In 1998, Schlarb co-founded the free improvisation ensemble Create (!).

Schlarb founded the record label Sounds Are Active in 1999. Sounds Are Active released over 50 albums and produced the Sean Carnage rockumentary 40 Bands 80 Minutes! (2006).

Schlarb's first solo album, Twilight and Ghost Stories (2007), was the result of recordings sourced from musicians across the US as well as his own home recordings of instruments, rainfall, and traffic.

National Public Radio named I Heart Lung's Interoceans (2008) one of their Top 5 Jazz Albums of 2008.
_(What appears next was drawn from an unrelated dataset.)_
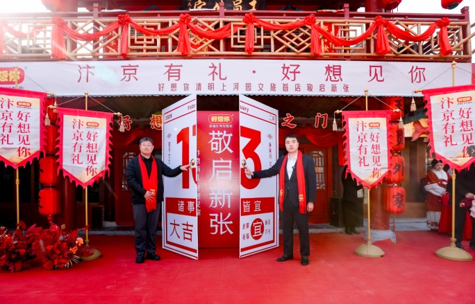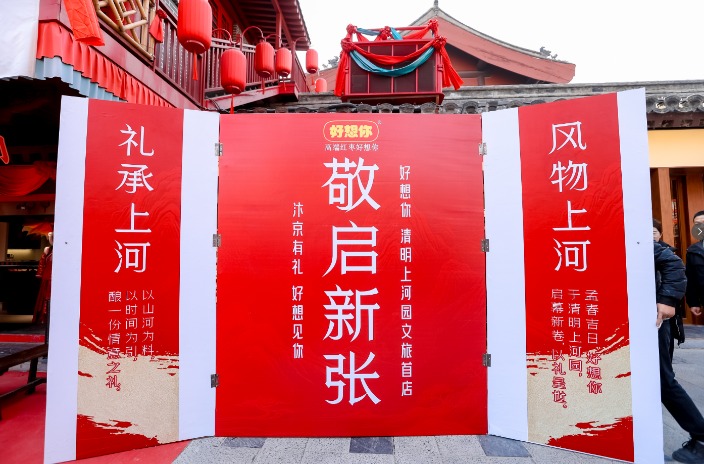 2月13日,农历腊月廿六,开封清明上河园内张灯结彩,年味浓郁。一场以“汴京有礼,好想见你”为主题的开业盛典在此举行——好想你清明上河园文旅首店正式亮相。
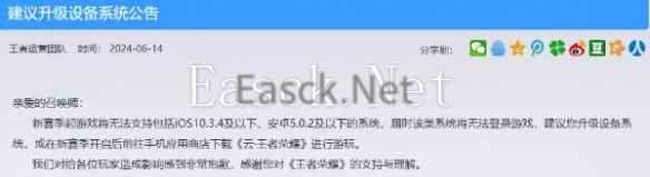 公告称,届时该类系统将无法登录游戏,建议玩家升级设备系统,或在新赛季开启后前往手机应用商店下载《云・王者荣耀》进行游玩。

In 2009, Schlarb collaborated with Swedish video game developer Nifflas on NightSky. Schlarb composed forty tracks of original music for NightSky which was nominated for the Independent Games Festival’s Seumas McNally Grand Prize. BoingBoing described the score as “what game music can be”.

Psychic Temple
In 2010, Schlarb formed a band in Long Beach, California called Psychic Temple.  The band is called a 'cult' by members, drawing from similarities Schlarb observed between bands and cults.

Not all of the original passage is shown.